De Anarchie van het Mededogen – Filosofische Verdieping bij Siska | Jean-Pascal Salomez
Anarchistisch logo

De Anarchie van het Mededogen

Filosofische Verdieping bij Siska

Filosofische voorrede — De Spreker van de Stilte

Er is een stilte in Zonnebeke die niet van rust spreekt, maar van vermoeidheid — de vermoeidheid van mensen die te lang hun stem hebben ingeslikt. In die stilte groeit het lawaai van de onverschilligheid.

Ik heb geprobeerd te luisteren, te begrijpen, te spreken. Niet omdat ik heilig ben, maar omdat ik mens ben. Ik heb fouten gekend, muren gevoeld, de kou van het oordeel. En toch blijf ik spreken, want wie zwijgt, sterft tweemaal.

Ik kijk naar onze jongeren, die nu smeken om het recht om te verdwijnen. Hun roep is niet tegen het leven gericht, maar tegen een samenleving die niet meer leeft. Hun wanhoop is geen zwakte, het is een diagnose. Ze wijzen ons erop dat we vergeten zijn wat zorg betekent. Niet zorg in termen van procedures en projecten, maar zorg als menselijk gebaar, als anarchistische wederkerigheid: zonder voorwaarde, zonder prijs, zonder papier.

Ik schrijf dit niet tegen iemand, maar voor iedereen die voelt dat de wereld te stil is geworden in haar hart. De stilte van Zonnebeke is die van Europa. En zolang iemand luistert, zal ik blijven spreken. Niet om te overtuigen, maar om te herinneren dat vrijheid niet ontstaat uit macht, maar uit de moed om te blijven mens.

I. Siska – De Spiegel van een Tijd

Siska was een kind van deze tijd. Ze droeg geen revolutie in haar zak, geen slogans op haar tong, enkel stilte. In die stilte leefde een wanhoop die te weinig woorden vond. Haar verhaal is dat van duizenden jongeren: verloren tussen zorgsystemen die niet zorgen en beleidsmakers die niet luisteren.
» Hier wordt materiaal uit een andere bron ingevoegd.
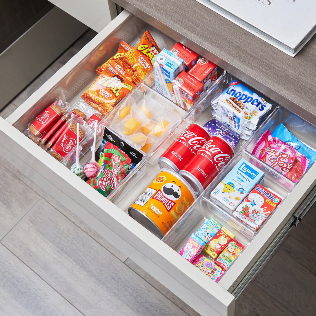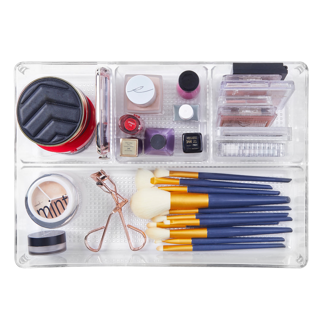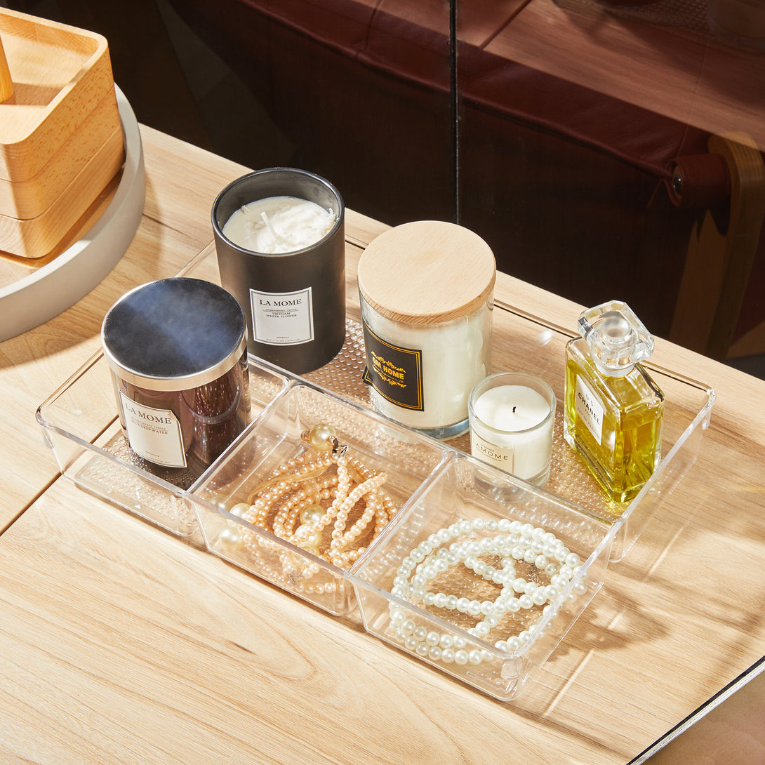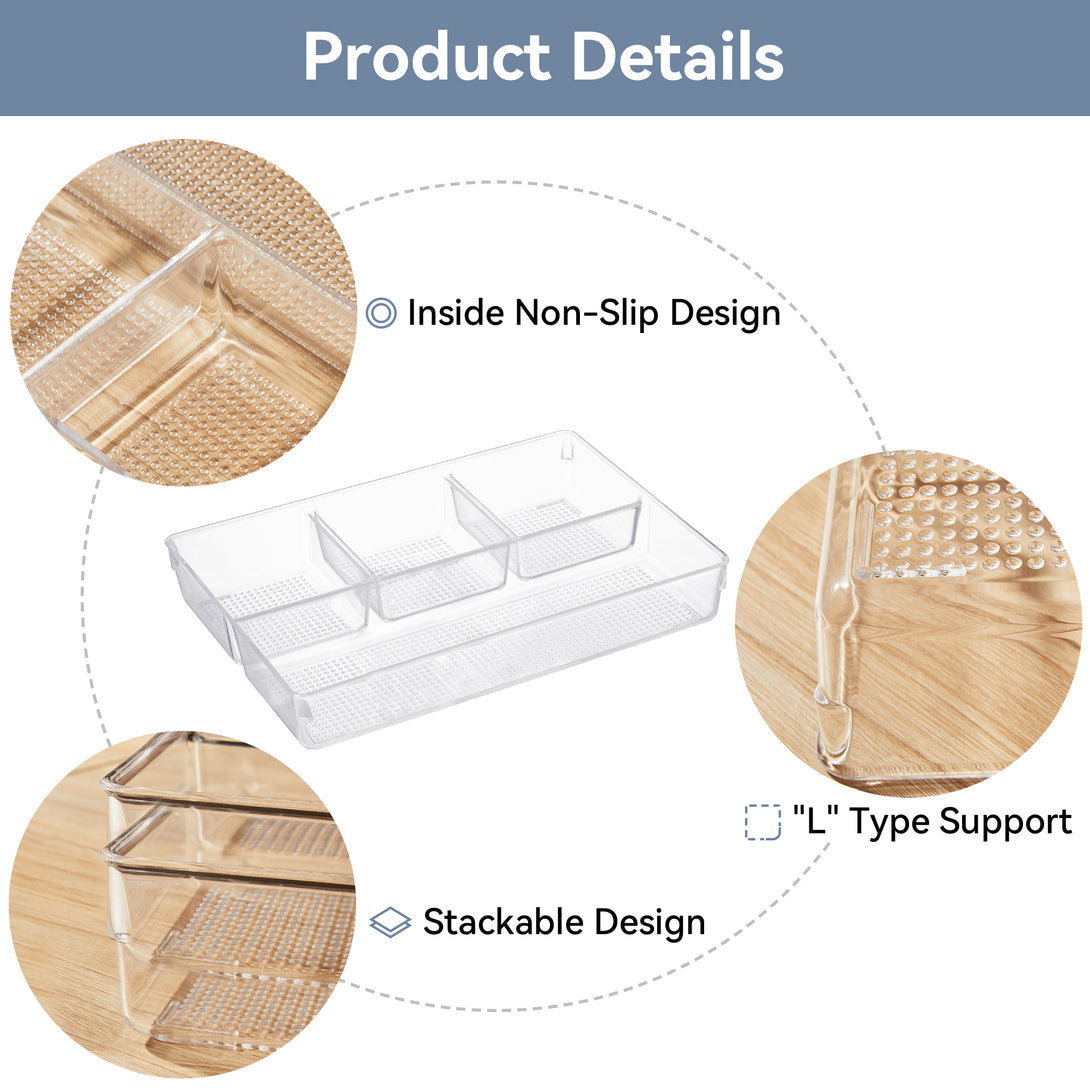 Transform your cluttered drawers into organized spaces with this versatile 8-section clear acrylic drawer organizer. Measuring 13.7 x 8.7 x 2 inches, this large divider tray is perfect for keeping your items sorted and easily accessible. The transparent design allows you to quickly locate what you need, while the sturdy construction ensures long-lasting use. Whether you're organizing office supplies, bathroom essentials, makeup collections, or miscellaneous items, this drawer organizer helps maintain order and efficiency. The eight compartments provide ample space for sorting different categories of items, making it an ideal storage solution for your desk, vanity, or bathroom drawer. Keep your space tidy and your items properly segregated with this practical and stylish drawer organizer.

Toen ze euthanasie vroeg, sprak ze geen wens om te sterven uit — ze sprak een aanklacht. Niet tegen het leven, maar tegen de samenleving die het leven onleefbaar maakte. Ze vroeg niet om het einde, maar om begrip. Om een plek waar iemand zegt: “Blijf, we zien je, we horen je.”

II. De Filosofie van de Stilte

De stilte van de jeugd is geen leegte, maar een vorm van verzet. Zoals Camus schreef: “Er is geen liefde voor het leven zonder wanhoop om het leven.” Onze jongeren leven in die paradox: ze houden vast aan wat wij hebben laten vallen — menselijkheid. Hun vraag naar euthanasie is het geluid van een samenleving die haar empathie verloor.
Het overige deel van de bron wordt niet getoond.